Pomysły
Moderatorzy: kuba11100, The Viking, Moderatorzy
- Kpt.Glowica
- Użytkownik Forum
- Posty: 4
- Rejestracja: 11 wrz 2013, 16:46
w tej wersji niepotrzebnie została zmieniona opcja informowania o głodnych oddziałach, często gracze nie zauważają lub ignorują ikonkę informacji . a tak to gdyby była oddzielna ikonka o głodzie ludzie wiedzieli by o co chodzi od razu
a co do szkolenia można by było dodać jeszcze +6 miejsc kolejki w szkole
Scalam posty, następnym razem użyj opcji "edytuj"
>kuba11100
a co do szkolenia można by było dodać jeszcze +6 miejsc kolejki w szkole
Scalam posty, następnym razem użyj opcji "edytuj"
>kuba11100
-
- Administrator Forum
- Posty: 775
- Rejestracja: 29 maja 2012, 20:26
- Lokalizacja: Gdańsk
Tak sobie dzisiaj myślałem jak właśnie możnaby usprawnić i urealnić rozgrywkę, i doszedłem do wniosku że jest bardzo proste wyjście, choć mocno zmieniające dotychczasowe pojęcie manewrów taktycznych w tej grze. Mianowicie, proponuję usunąć stan związania walką, czyli utratę kontroli nad jednostką pzy zetknięciu się z jednostką. Dałoby to setki nowych możliwości walki i umożliwiłoby nadanie szansy na uratowanie chociażby części swoich oddziałów po przegranej bitwie. Dla lepszego pgarnięcia mojego pomysłu zamieszczam poniżej przewidywaną listę zmian zależnych od tej improwizacji:
-Walka stałaby się mniej oczywista i przewidywalna;
-Robienie skomplikowanych operacji i manewrów również stałoby się możliwe;
-Zasadzki i szybkie natarcia z zaskoczenia dawałoby się przeprowadzać w kilkukrotnie skróconym czasie;
-Konnica uzyskałaby swoją realną wartość czyli mobilność (tak, wiem że niektórym może się to wydawać zachwianiem balansu i zmianą mechaniki oraz taktyk, jednak dzisiejszy balans nie jest idealny. Mało kto uważa konie za użyteczne z uwagi na swój wysoki koszt, ale nie należy zapominać że w średniowieczu to właśnie konnica była podstawą każdej armii i jej największą siłą. Według mnie balans by się zdecydowanie polepszył).

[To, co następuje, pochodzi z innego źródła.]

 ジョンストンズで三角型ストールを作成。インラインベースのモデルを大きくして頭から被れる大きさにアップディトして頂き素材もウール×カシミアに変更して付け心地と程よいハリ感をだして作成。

-Możliwość odwrotu i ratowania swoich oddziałów. Jednostki uciekające traciłyby jednak na czas wycofywania się większość swoich punktów obrony (co chyba już i w dzisiejszych wersjach funkcjonuje, bo uderzenie w plecy jest bardziej zabójcze). Tak czy inaczej,
uciekający miałby szanse na przetrwanie dłuższego czasu, i przykładowo, jego los mógłby się odmienić dzięki ratunkowi sojuszników. A to tylko jeden przykład).
Poza podamymi powyżej punktami możnaby znaleźć ich jeszcze wiele, ale to są te najistotniejsze. Wobec tego, zachęcam do przedyskutowania tego pomysłu ze mną.

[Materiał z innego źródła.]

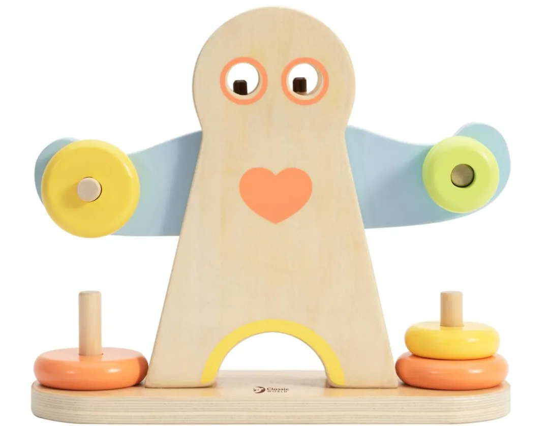 Interactive wooden scale with six colourful ringed weights.
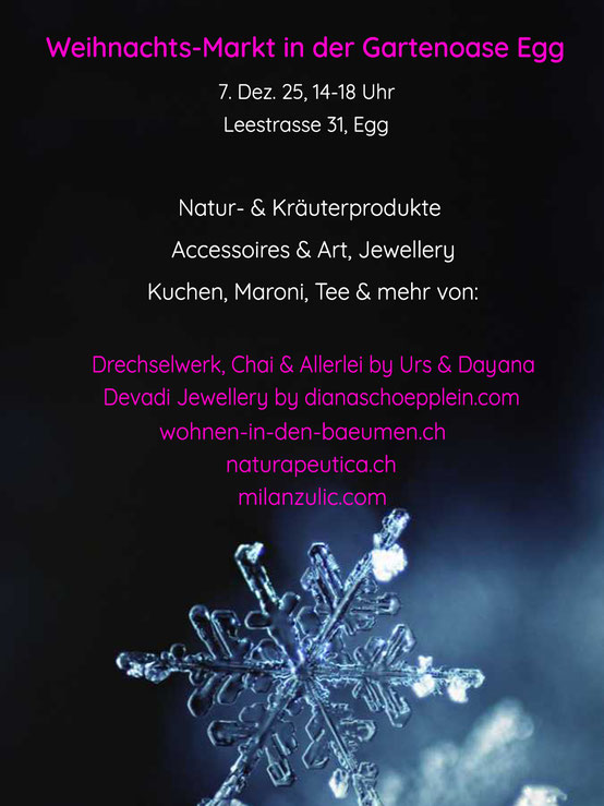 Mit verschiedenen AusstellerInnen und deren Produkte wie: Naturapeutica Kräutertees & Räucherwaren, Kräuterkugeln, Nutzhanfprodukten, selbstgemachten Accessoires etc. und dazu gibt es feinen Kuchen und Tee.
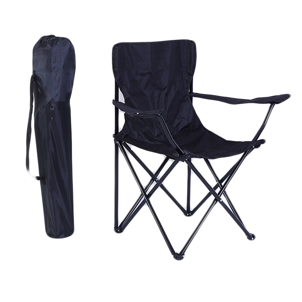 Πτυσσόμενη Καρέκλα Παραλίας - Ψαρέματος Αλουμινίου με Ποτηροθήκη Μαύρη

-Walka stałaby się mniej oczywista i przewidywalna;
-Robienie skomplikowanych operacji i manewrów również stałoby się możliwe;
-Zasadzki i szybkie natarcia z zaskoczenia dawałoby się przeprowadzać w kilkukrotnie skróconym czasie;
-Konnica uzyskałaby swoją realną wartość czyli mobilność (tak, wiem że niektórym może się to wydawać zachwianiem balansu i zmianą mechaniki oraz taktyk, jednak dzisiejszy balans nie jest idealny. Mało kto uważa konie za użyteczne z uwagi na swój wysoki koszt, ale nie należy zapominać że w średniowieczu to właśnie konnica była podstawą każdej armii i jej największą siłą. Według mnie balans by się zdecydowanie polepszył).

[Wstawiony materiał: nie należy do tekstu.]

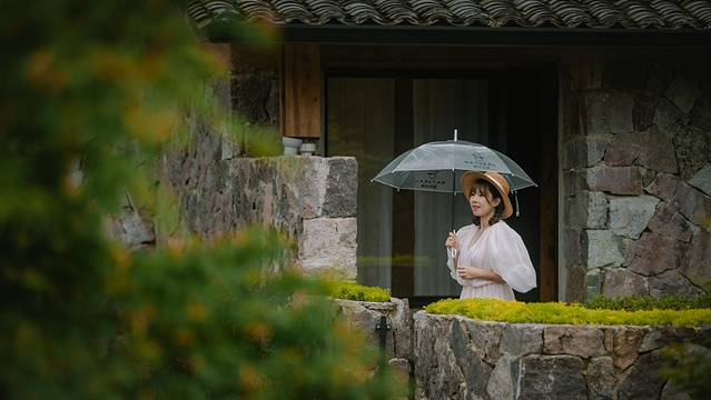 感谢一场雨,放慢了我们的脚步,在房间里聆听雨声,撑着伞漫步民宿超美的公共区域里,这,又何尝不是度假的另一种打开方式呢?

-Możliwość odwrotu i ratowania swoich oddziałów. Jednostki uciekające traciłyby jednak na czas wycofywania się większość swoich punktów obrony (co chyba już i w dzisiejszych wersjach funkcjonuje, bo uderzenie w plecy jest bardziej zabójcze). Tak czy inaczej,
uciekający miałby szanse na przetrwanie dłuższego czasu, i przykładowo, jego los mógłby się odmienić dzięki ratunkowi sojuszników. A to tylko jeden przykład).
Poza podamymi powyżej punktami możnaby znaleźć ich jeszcze wiele, ale to są te najistotniejsze. Wobec tego, zachęcam do przedyskutowania tego pomysłu ze mną.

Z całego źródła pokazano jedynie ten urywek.